* HOW TO COMPLETE THIS TASK:
The answer must reproduce all of the data below exactly and contain no images.

* INPUT RECORDS:
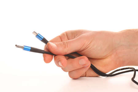 USB cable in hand on a white background
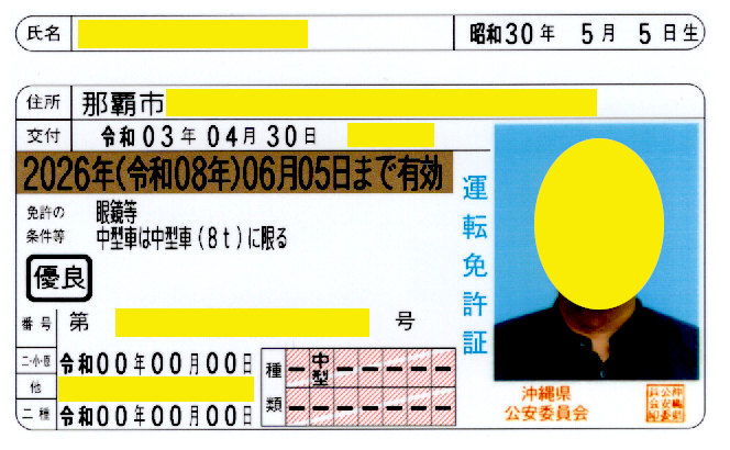 私の運転免許証の有効期限は令和3年(2021年)4月30日に沖縄で更新したので、来年(2026年)6月5日が有効期限になっています。
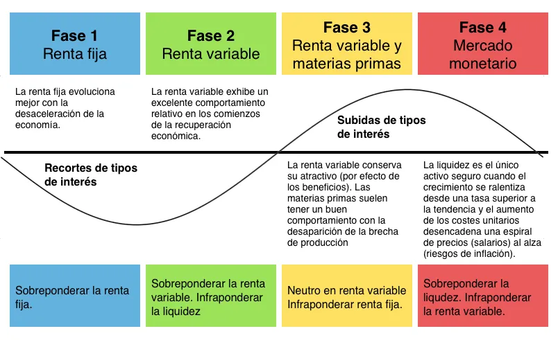 Fases del ciclo de mercado. Muchos movimientos tácticos tratan de
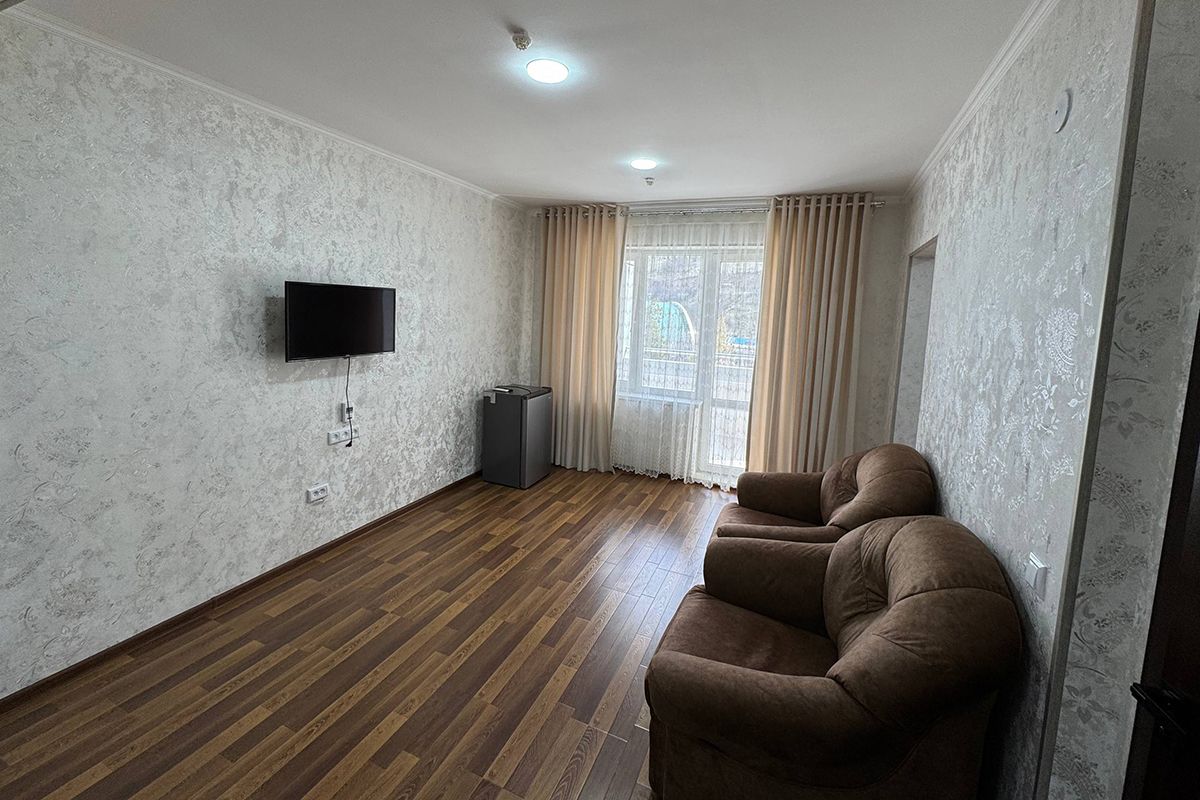 Однокомнатный номер. Состоит из прихожей, спальни и ванной комнаты. Номер с балконом.
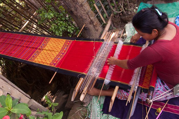 Chakma woman weaving traditional dress, Kamalanagar (Chawngte)

* EXERCISE SOLUTION:
 USB cable in hand on a white background
 私の運転免許証の有効期限は令和3年(2021年)4月30日に沖縄で更新したので、来年(2026年)6月5日が有効期限になっています。
 Fases del ciclo de mercado. Muchos movimientos tácticos tratan de
 Однокомнатный номер. Состоит из прихожей, спальни и ванной комнаты. Номер с балконом.
 Chakma woman weaving traditional dress, Kamalanagar (Chawngte)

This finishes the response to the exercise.